The terror of this is magnified by the fact that it is not simply Lewis who is destroyed. Rage and blood lust yield plenty of collateral damage. And after Lewis dies midway through the book, the carnage only intensifies. This is not, of course, wholly unexpected: Jones has already cast the book as the story of four friends and has shared Ricky’s bloody end before turning his attention to Lewis. But, read from a particular perspective, Lewis’s demise seems premature. In the European tradition, the novel’s roots are associated with the rise of individualism: the long-fiction form evolved as the examination of the life and adventures of a single figure (think Don Quixote and Gulliver) and the intricacies of the individual consciousness (think Tristam Shandy and, ultimately, Leopold Bloom). Here, as the latter part of the book unfolds, Jones forces us to see that the stories of Cass and Gabe are not secondary to Lewis's.
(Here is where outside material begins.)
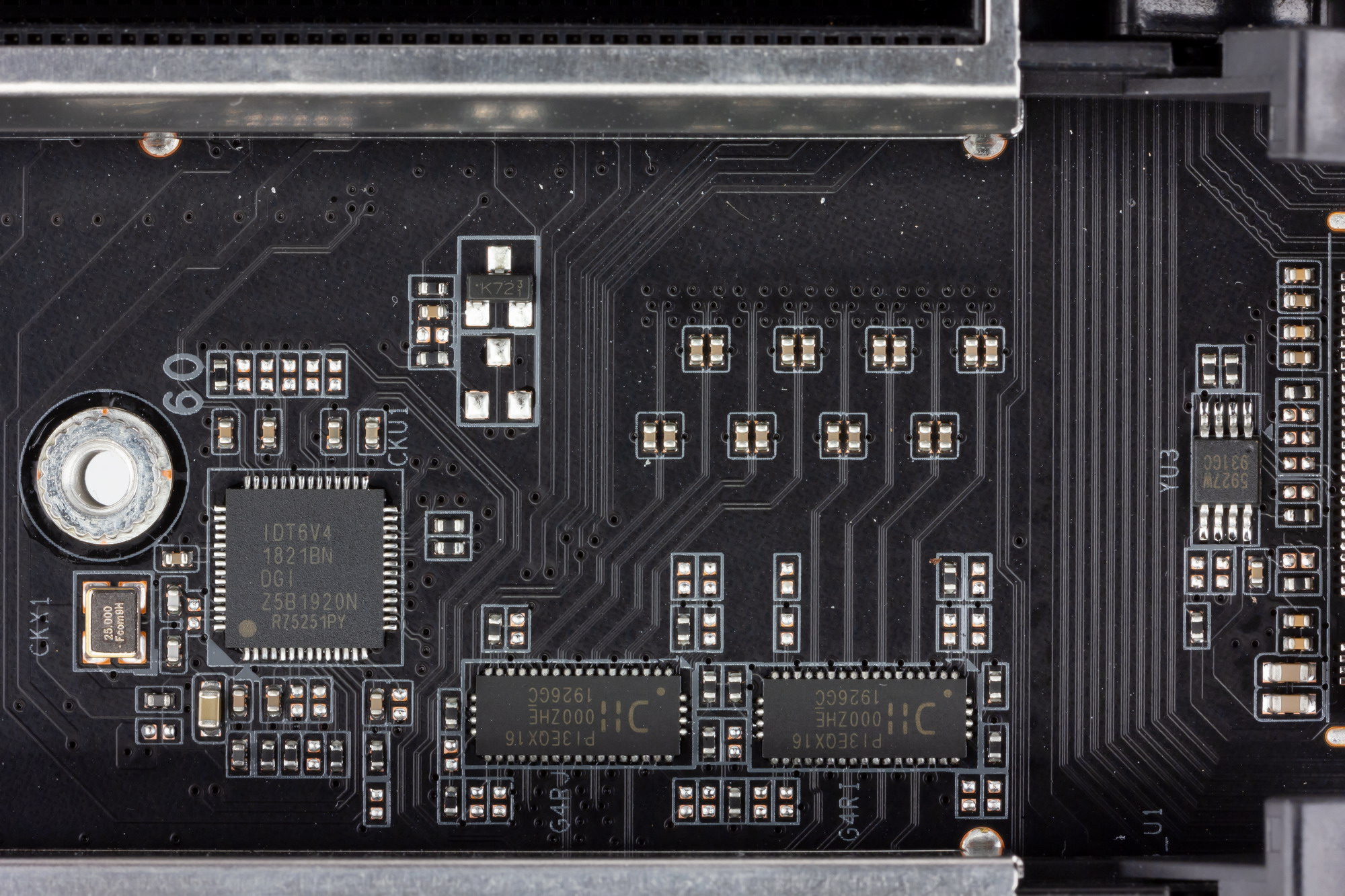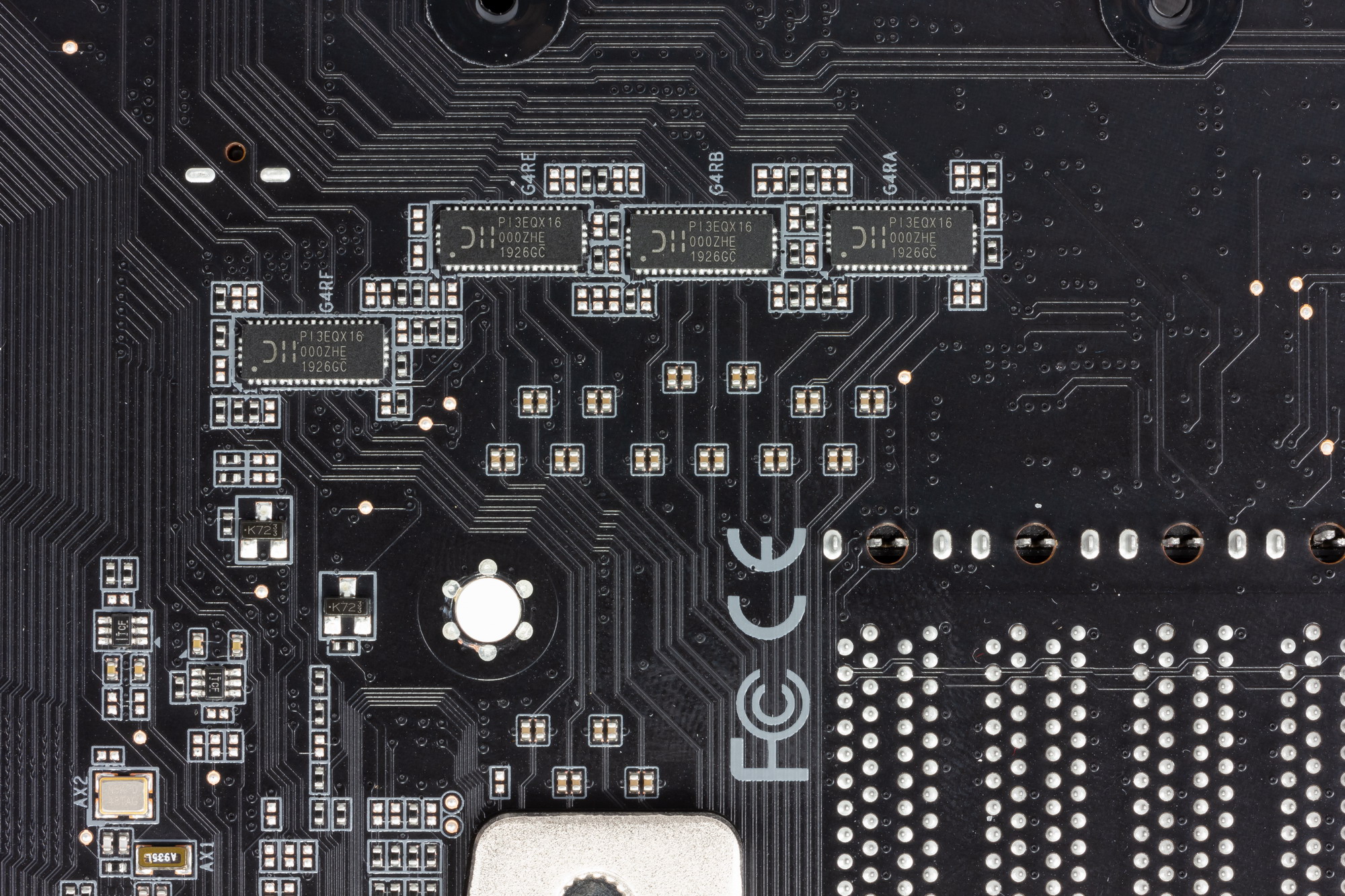 На оборотной стороне элементы имеются, в частности, ряд усилителей сигнала для шины PCI-E, и другая мелкая логика. Обработан текстолит очень хорошо: во всех точках пайки не только острые концы срезаны, но и все гладко отшлифовано. С той же стороны установлена пластина из алюминия с нанокарбоновым покрытием для предотвращения замыкания электроконтактов на PCB. Также пластина помогает отводить тепло от задней стороны PCB через термоинтерфейс и обеспечивает жесткость материнской платы. И даже сняв эту пластину, приятно взять в руки такой текстолит.

While Lewis fired the specific bullet that set the wheels of vengeance in motion, all four of them fired that fateful day. Wrongdoing, guilt, and retribution are all shared.
This idea is not entirely unprecedented in horror fiction, of course. The idea that collective sin earns collective wages is not new. Still, Jones’s strong foregrounding of Lewis in the earlier sections of the book had the effect, for me, of emphasizing how his story differs from the traditional notion of the novel as one man’s story. It shifted my focus as a reader onto the ways that events are greater than one person and how our actions can have brutal, terrifying long-term consequences beyond our individual lives.
This isn’t to say that Jones presents a world of unmitigated doom. In the end, he graces us with Denorah, whose persistence and courage yield insight and, finally, mercy. Her No! is born despite fear and blood, in the face of danger and vengeance, and it opens the door to new possibilities. In the end, Jones’s narration pulls back to give us a wide-angle shot that casts this final scene against the backdrop of the universe itself and ties past, present, and future into a single knot of hope. It’s an upbeat, unexpected end to a dark, disturbing book—but one that is convincing and well-executed.